As we’ve shown before, videos can sometimes be decrypted without authorization if only one layer of video encryption is used. DRM systems offer an additional layer of protection to the video streaming where encryption keys cannot be transferred.
The way DRM works is on two levels: The first level consists of encrypting segments of the video or the metadata of the whole video stream. The encryption keys are protected behind a BlackBox or Content Decryption Module (CDM) and cannot be accessed without Encrypted Media Extensions (EMEs).

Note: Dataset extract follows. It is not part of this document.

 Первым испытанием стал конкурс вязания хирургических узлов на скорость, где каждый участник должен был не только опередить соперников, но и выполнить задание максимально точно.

The second level makes sure only authorized users can unlock the files. The encryption keys are wrapped around a digital license containing information on how the content can be used. If a user requests to watch a video, the DRM system checks for authorization and is given a token of validation. Finally, the token sends confirmation to the streaming device with authorization to play. Although it can sound like a long process, it takes seconds when using an advanced OTT provider like Kinescope.

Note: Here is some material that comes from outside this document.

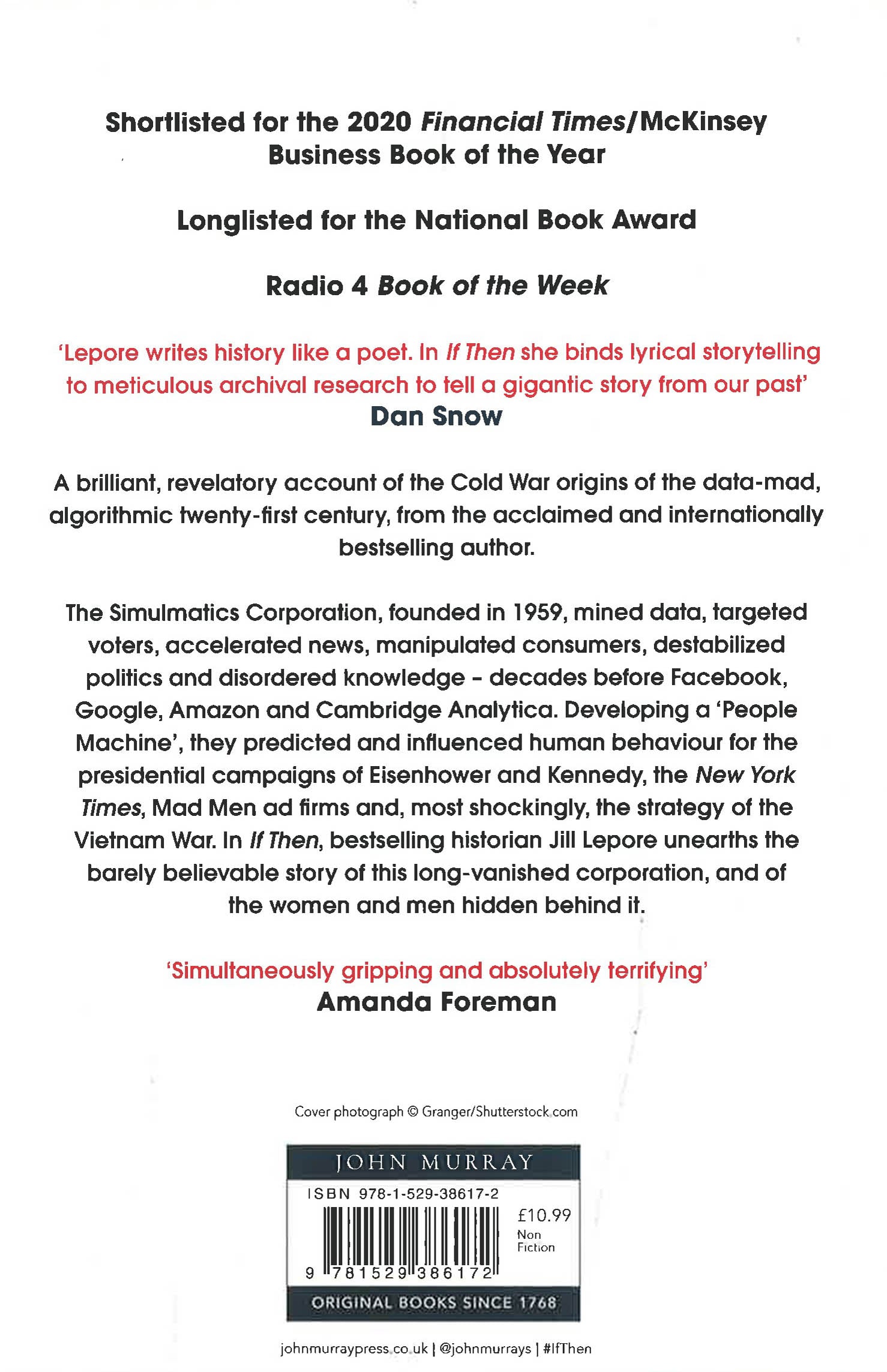 Radio 4's Book of the WeekA Financial Times Book of the YearShortlisted for the 2020 Financial Times / McKinsey Business Book of the YearLonglisted for the National Book Award 'The story of the original data science hucksters of the 1960s is hilarious, scathing and sobering - what you might get if you crossed Mad Men with Theranos' David RuncimanThe Simulmatics Corporation, founded in 1959, mined data, targeted voters, accelerated news, manipulated consumers, destabilized politics, and disordered knowledge--decades before Facebook, Google, Amazon, and Cambridge Analytica. Silicon Valley likes to imagine it has no past but the scientists of Simulmatics are the long-dead grandfathers of Mark Zuckerberg and Elon Musk. Borrowing from psychological warfare, they used computers to predict and direct human behavior, deploying their "People Machine" from New York, Cambridge, and Saigon for clients that included John Kennedy's presidential campaign, the New York Times, Young & Rubicam, and, during the Vietnam War, the Department of Defence. In If Then, distinguished Harvard historian and New Yorker staff writer, Jill Lepore, unearths from the archives the almost unbelievable story of this long-vanished corporation, and of the women hidden behind it. In the 1950s and 1960s, Lepore argues, Simulmatics invented the future by building the machine in which the world now finds itself trapped and tormented, algorithm by algorithm.'A person can't help but feel inspired by the riveting intelligence and joyful curiosity of Jill Lepore. Knowing that there is a mind like hers in the world is a hope-inducing thing' George Saunders, Man Booker Prize-winning author of Lincoln in the Bardo'An authoritative account of the origins of data science, a compelling political narrative of America in the Sixties, a poignant collective biography of a generation of flawed men' David Kynaston'If Then is simultaneously gripping and absolutely terrifying' Amanda Foreman

Why is it important to protect your e-learning assets
Unwanted downloads can have negative consequences for your e-learning video content when distributed without your authorization. According to recent research data revenue loss for premium content distribution could reach up to 20% and higher in cases where no protection measures are applied. One of the most secure ways to protect your assets is to opt for a video hosting service using the highest level of security features and modern DRM solutions.
Choosing and implementing the right DRM solution for your online content can be difficult and time consuming, especially without technical support. That is why Kinescope is loved by small and medium-sized businesses. We provide the highest standard of DRM aligned to world-class technologies, accessible for businesses without a big tech team.
Conclusion
Kinescope helps e-learning platforms of any size to securely store and distribute their video content without having to worry about unauthorized access . Kinescope runs on its own cutting-edge infrastructure and provides the highest level of control and security available on the market, combined with unbeatable pricing. Your videos will be encrypted with the latest industry-standard DRM systems, like Apple Fairplay, ensuring a smooth and hassle-free process. The only thing you have to do is upload a video to our dashboard and you will get a player embedded code that can be securely distributed everywhere. Easy peasy!